▶ Exercise description
In the records below, the lines between the one holding "Vínová 4 cm" and the one holding "- โครงการ กิจกรรมเพื่อสังคม", inclusive, are to be transcribed exactly; no pictures are to be included.

▶ Given information
== Segment start ==

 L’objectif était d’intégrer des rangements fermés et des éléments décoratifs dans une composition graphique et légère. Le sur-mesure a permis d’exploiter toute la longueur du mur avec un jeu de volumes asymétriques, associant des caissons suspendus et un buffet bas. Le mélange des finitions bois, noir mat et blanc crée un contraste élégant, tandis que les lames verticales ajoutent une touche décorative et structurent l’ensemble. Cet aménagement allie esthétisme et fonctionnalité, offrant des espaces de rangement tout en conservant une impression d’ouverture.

== Segment end ==
== Segment start ==

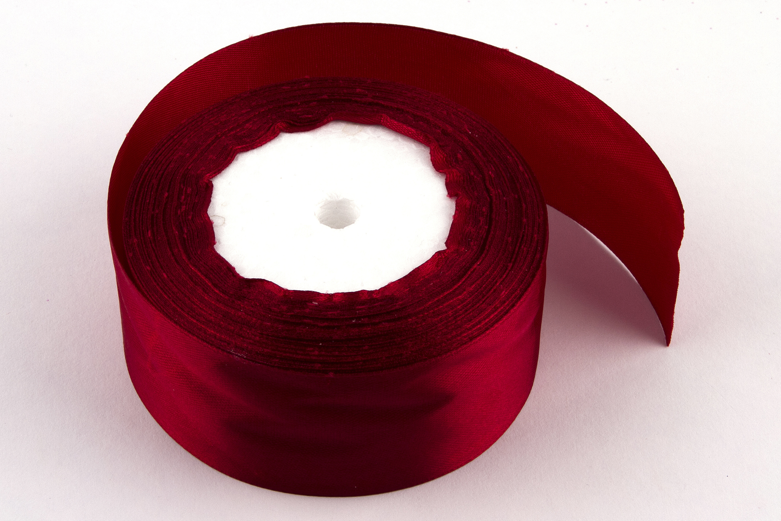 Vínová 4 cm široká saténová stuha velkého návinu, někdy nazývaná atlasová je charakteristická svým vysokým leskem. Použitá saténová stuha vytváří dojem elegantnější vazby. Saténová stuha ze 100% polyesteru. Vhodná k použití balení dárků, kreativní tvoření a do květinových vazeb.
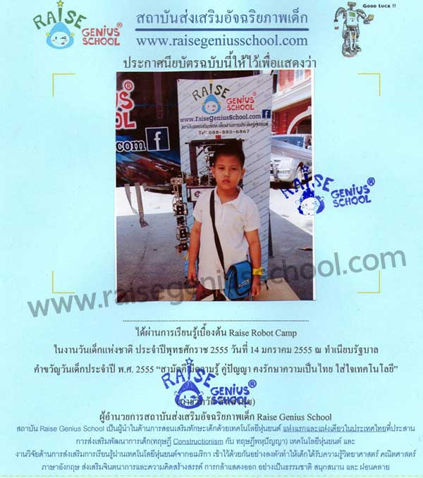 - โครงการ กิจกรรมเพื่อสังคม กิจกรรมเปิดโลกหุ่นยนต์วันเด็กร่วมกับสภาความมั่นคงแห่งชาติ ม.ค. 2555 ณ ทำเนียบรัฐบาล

== Segment end ==

▶ Exercise solution
 Vínová 4 cm široká saténová stuha velkého návinu, někdy nazývaná atlasová je charakteristická svým vysokým leskem. Použitá saténová stuha vytváří dojem elegantnější vazby. Saténová stuha ze 100% polyesteru. Vhodná k použití balení dárků, kreativní tvoření a do květinových vazeb.
 - โครงการ กิจกรรมเพื่อสังคม กิจกรรมเปิดโลกหุ่นยนต์วันเด็กร่วมกับสภาความมั่นคงแห่งชาติ ม.ค. 2555 ณ ทำเนียบรัฐบาล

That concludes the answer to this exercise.